Well, best practice is to use classes... but if you're going to use timeline code then it's mostly a matter of preference. Though personally I think it makes more sense to put code pertinent to the swf's being loaded in those swfs. Then it's kind of like classes at least, as the code is encapsulated within the object... and if you have a lot of different movies to load you don't want all their code in your one loader - it's no fun wading through two thousand lines of code inside one movie.

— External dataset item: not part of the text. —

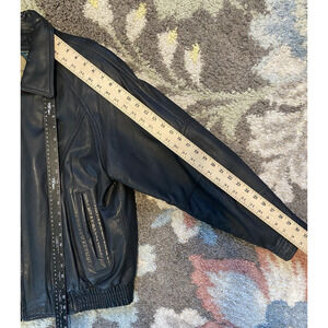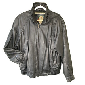 Members Only Jacket Men's Size Large Black Leather Full Zip Bomber Grunge 80s. Good used condition. Shows regular signs of wear for age. The wrist show the most wear.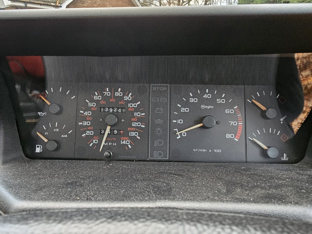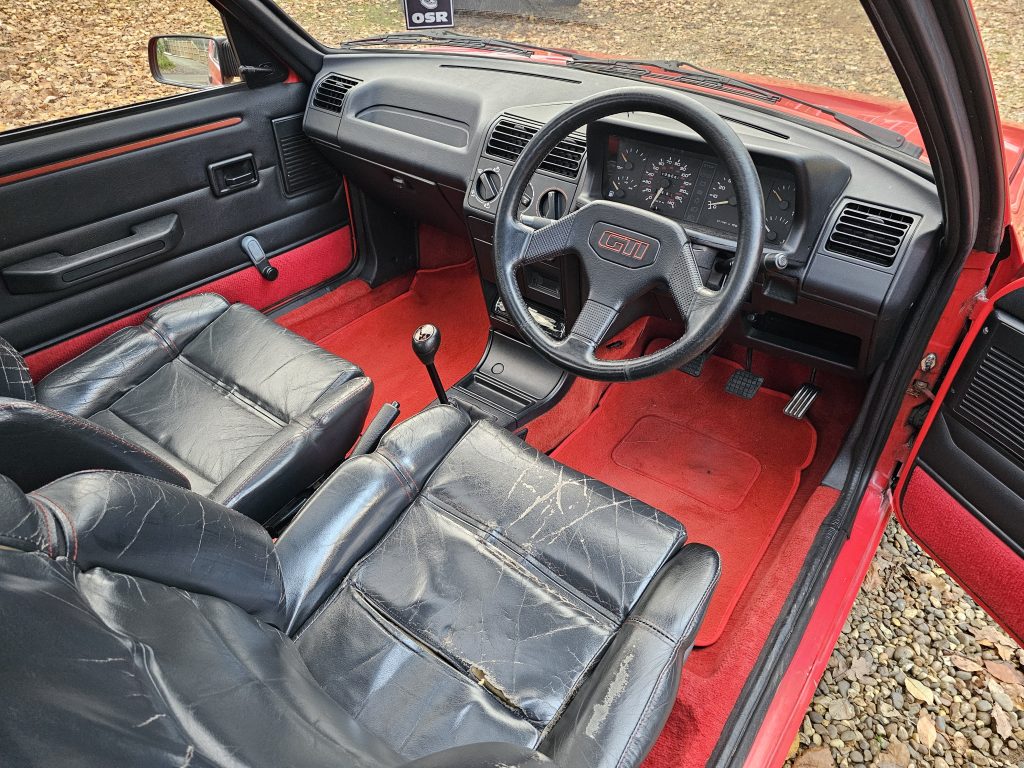 The interior features full leather seating from the 1.9 GTi ‘Miami’ edition, it is in useable condition but does show some wear – ideally the seats would benefit from being retrimmed. They are however still comfortable and supportive. It could do with a new speedo cable as the speedo works when it likes.

Removing a clip, with removeChild does nothing except remove it from the display list. All code, event listeners, memory the object consumes, etc. continue to function.

May 15, 2010

Thanks for the reply - that clears a lot up. So if removing a child, would it be best to rmove all it's event listeners first. Also say the child (movie  clip) in question held the content for one page a site. It is something that the user may or may not return to, and they will be looking at other pages/children in the meantime; is it therfore best to make the original movie clip null and recreate an instance of it from the library when it is needed.

Which begs the question: if you make an object null does that remove all it's associated event listeners?

Participating Frequently
May 18, 2010

Hi,

If you declared your listeners' weak argument to true, you won't have to bother with removing those listeners before a "quit". Weakly declared listeners will no longer affect anything once the object is not on the display list.

mc.addEventListener("event",func,false,0,true);

Since I've read this recommendation from gskinner (read about weakly referenced listeners), I adopted this way of coding.

The only thing is, you should beware of anonymous functions, as it is mentioned in Skinner's article.

For what I could see from actually trying this method, you won't have any problem with your listeners working when weakRef is set to true for a class declared property, but the listener won't work if you do the same on a var created  inside a function.